India has always woven the sacred into the everyday.
Our textiles are stories.
Our craft is ritual.
Our artisans don’t just make products—they transmit spirit.
India must lead the world in conscious fashion—not with noise, but with depth.
Not with branding, but with being …
And so I began to work—quietly.
And that’s what Upasana became:
A vessel for Shakti.
The Feminine, the Mother, the Formless
My journey has always been guided by the presence of The Mother.
At first, I didn’t know it.
When I worked with women in villages, I thought I was helping them.
But now I see – I was serving the Mother in all her forms.
When I designed clothing, I thought I was making fashion.
But I was adorning the Mother in all the beautiful women who passed through my life.
She revealed herself to me again and again – sometimes as grace, sometimes as challenge.
I began to see her everywhere – in cotton fields, in stitches, in journeys …
In breakdowns and breakthroughs.
Eventually, she even brought me into Auroville’s Town Hall …
Where administration became another form of sacred service.

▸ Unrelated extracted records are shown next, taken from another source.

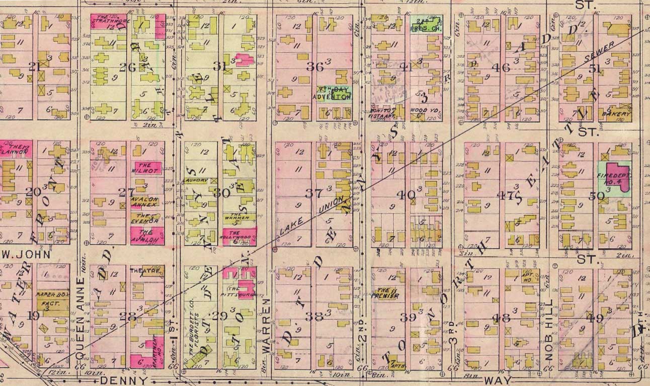 x Baist-Nof-Denny-GRABWeb August 17, 2014 1292 × 769 Seattle Now & Then: The Arkona at First and Denny This detail pulled from the 1912 Baist Real Estate Map has Denny Way running along the bottom.
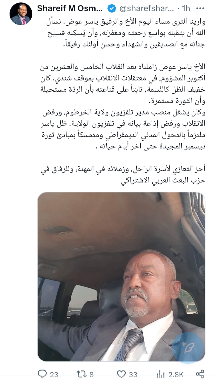 ببالغ الحزن والأسى، نودّع اليوم المخرج والكاتب الجميل، الإنسان الذي كان يحمل لساناً يضحك ووجهاً يبشّر بالحياة… وداعاً ياسر عوض، رفيق سنوات العمل الشاق، ورفيق أحلامنا التي صنعتها كاميرات صغيرة وقلوب كبيرة. عرفناه هادئاً، لطيفاً، صادقاً في حضوره… لا يرفع صوته حتى في أصعب لحظات البث، ولا يكسر بخاطر زميل مهما اشتد الزحام أو ضاق الوقت. كان ياسر مدرسة في المهنية، وإنساناً في المقام الأول… يبتسم قبل أن يتكلم، ويُطمئن قبل أن يوجّه. وفي سنوات الثورة، حين فُتحت أبواب الحلم، كان ياسر في مقدمة الصف، مديراً لفضائية الخرطوم بروح ثائرة وضمير يقظ… يقود الشاشة بوعي ومسؤولية، ويضع همّ الوطن قبل كل مشهد ومادة وبثّ مباشر. كان يعرف أن الإعلام موقف… وأن الكلمة قد تصبح أحياناً قدر. رحيلك يا ياسر ليس غياباً عادياً… هو انطفاء مصباح ظلّ مضيئاً في غرفة مملوءة بالتعب. هو فراغ في الممرات… وفي قلوب زملائك… وفي ذاكرة قناة كاملة عرفتك أخاً ورفيقاً ومعلماً دون أن تتكلف أو تتصنّع. نعزّي أنفسنا قبل أن نعزّي أسرتك الكريمة… ونعزّي كل من عرفك وعمل معك ودخل قلبه دفؤك وطيبتك.
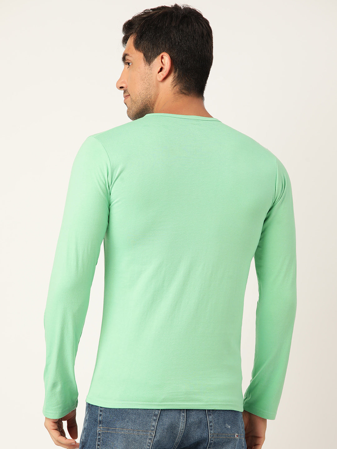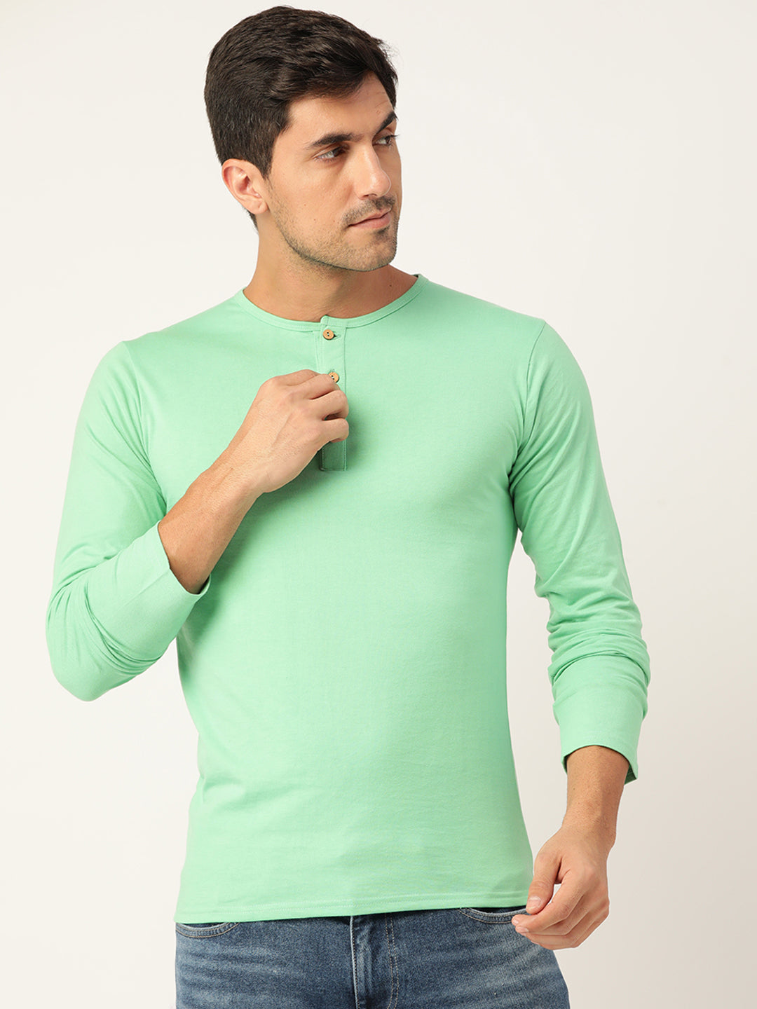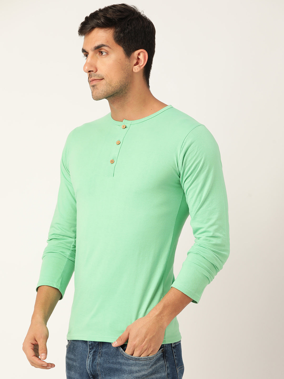 Plain Lime Green Henley Full Sleeves T-Shirt
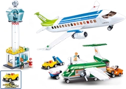 Сглобете пълноценно летище с голям пътнически самолет, по-малка машина, контролна кула и обслужващи превозни средства. Идеално за игра на авиационен трафик.
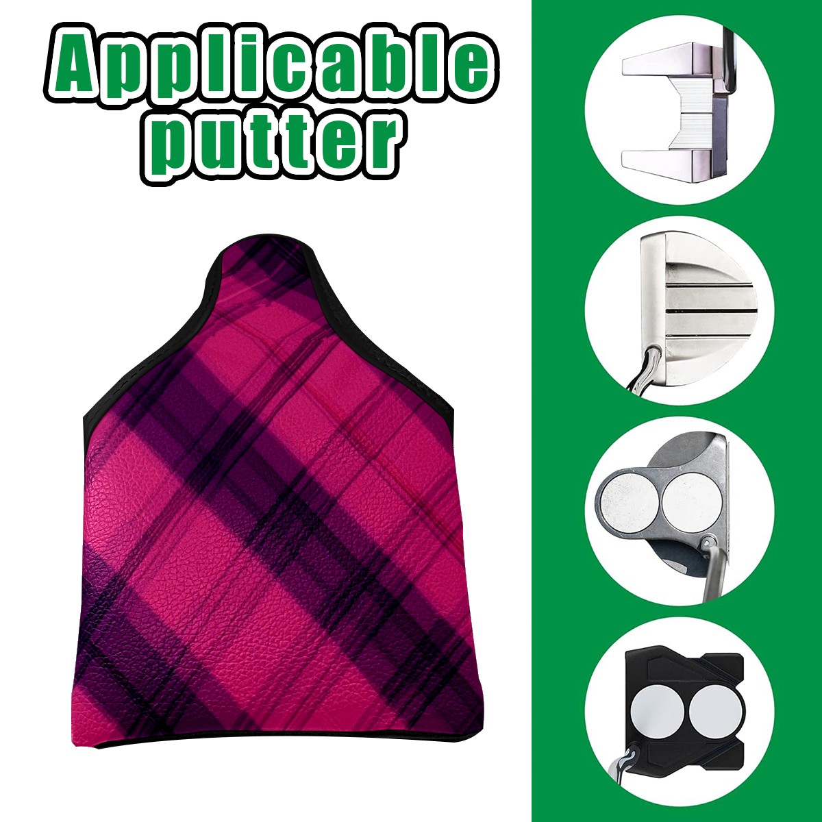 Golf Club Head Covers for Mallet Putter, Waterproof Leather Headcovers for Golf Clubs, Ideal Golf Accessories Gift for Men Women (Pink And Purple)
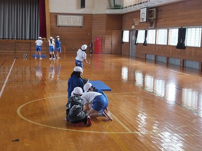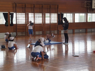今日は、マット運動で前転の練習をしました。
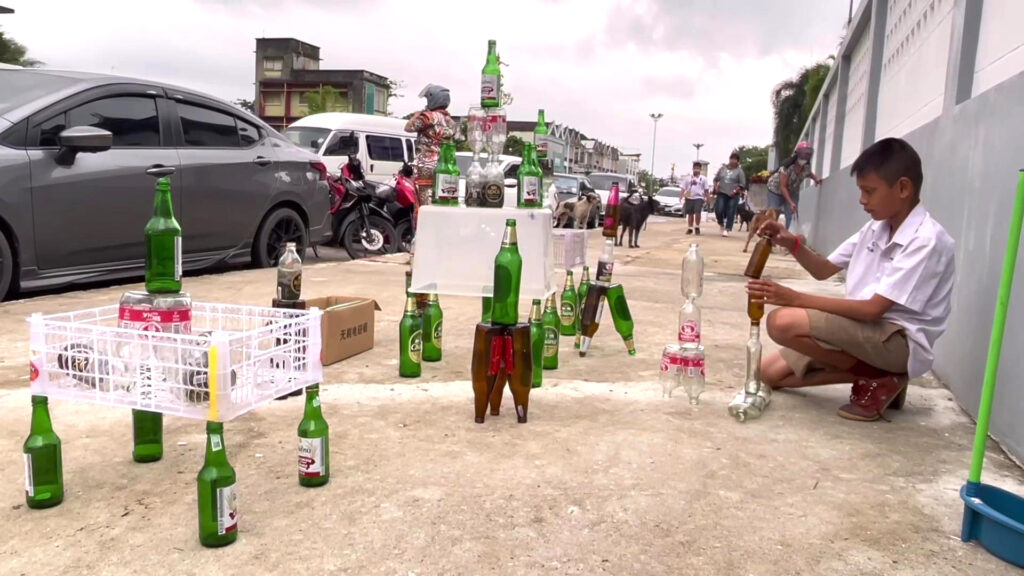 ไลฟ์สไตล์ » ยกย่อง 2 พี่น้องฝาแฝดแสดงโชว์เรียงขวดหารายได้เป็นทุนเล่าเรียนพิเศษ
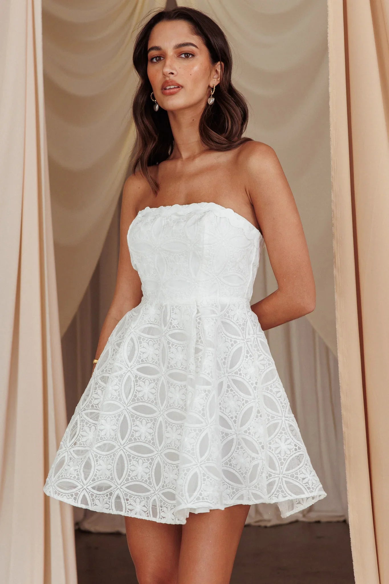 Make an entrance in our stunning Kesenia mini dress. It features embroidery detail throughout and a strapless design and is perfect for a bridal shower or birthday celebration. Team it with strappy, white heels and a tote for a look we have fallen in love with.
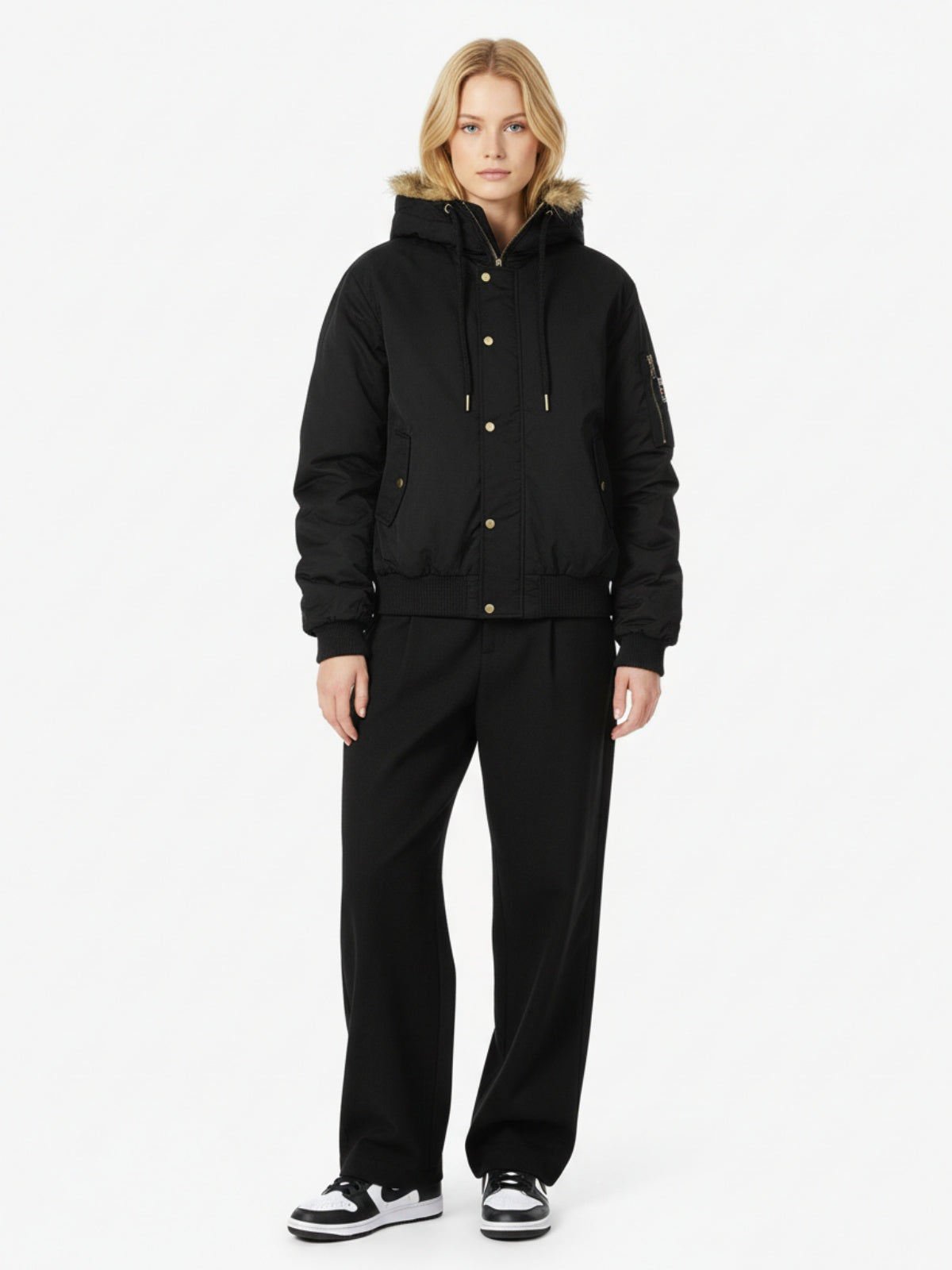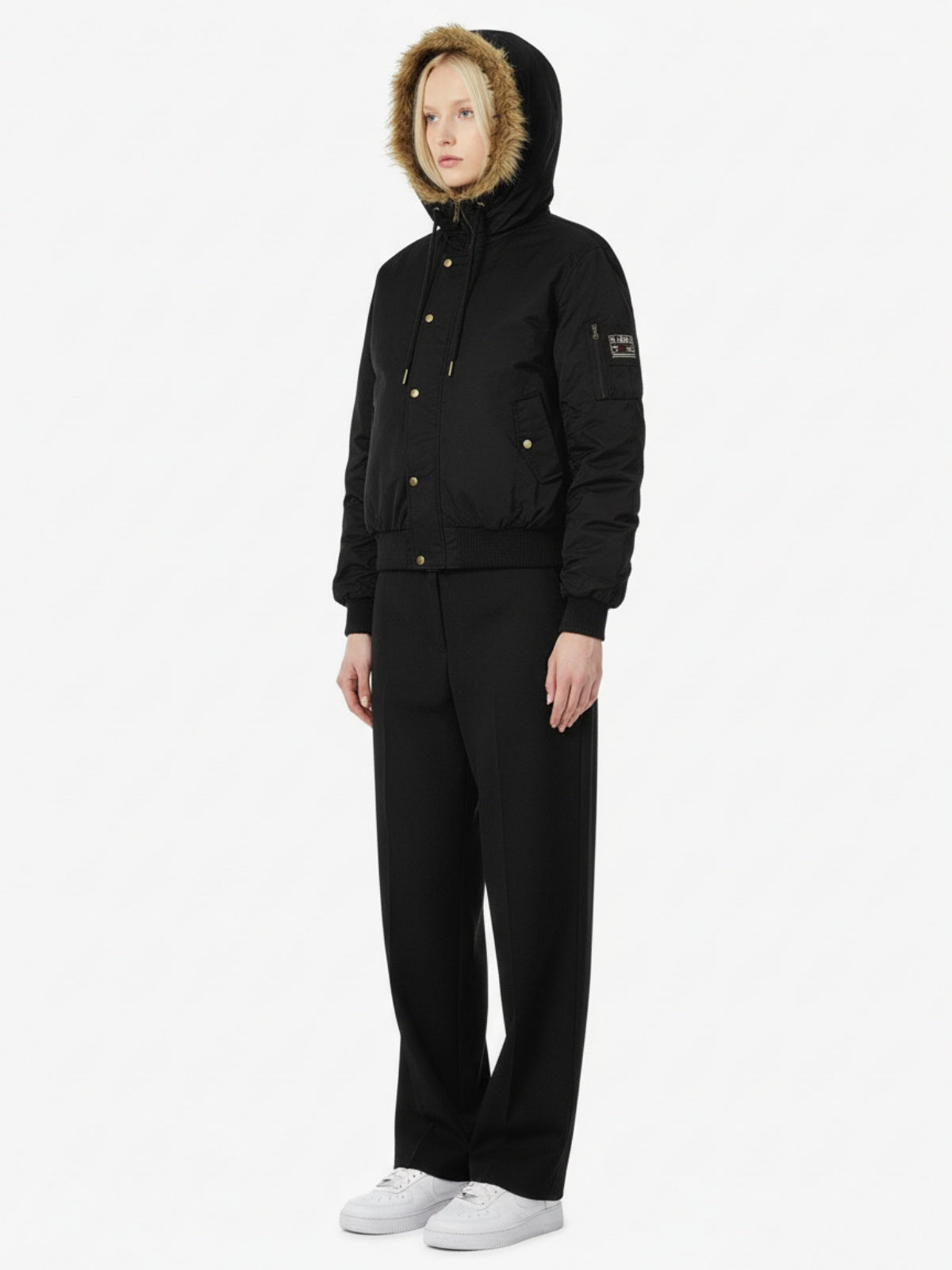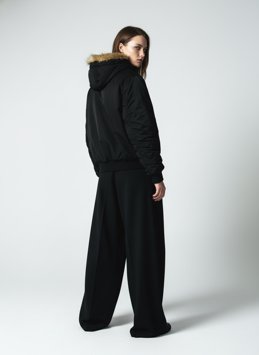 • Design Elements: Detachable fur-lined hood, gold-tone snap buttons, and a sleek front zipper closure

A New Chapter of Service at Town Hall
After 25 years of being a boss, creating social projects, holding the conscious clothing brand Upasana and birthing the iconic project Tsunamika – I now find myself ready for a new chapter of service.
Each morning, I walk into Town Hall. The shift is not only external – it is internal.
From doing what I love, to doing what is needed.
After three decades in Auroville, I am letting go of identification with only the work I choose, and stepping into collective tasks that call for presence and responsibility.
In the Land Service, I now serve as an assistant to my colleagues, under the guidance of FAMC. I was entrusted with the handling of land encroachments – 27 cases requiring care. Some difficult, some smooth, many still in progress. We are moving full on.
In parallel, I took on youth housing under Housing Service, led by Banu. What began as a small responsibility has become an unfolding journey – Campus Management. Cleaning, maintaining, and nurturing our shared living spaces. From one site, we now manage six.
I don’t know many things – and I’m okay with it.
I only ask: How can I serve?
A Joyful Workaholic at the Feet of the Mother
I am a joyful workaholic at the feet of the Divine Mother.
Her presence is the only wealth I truly carry.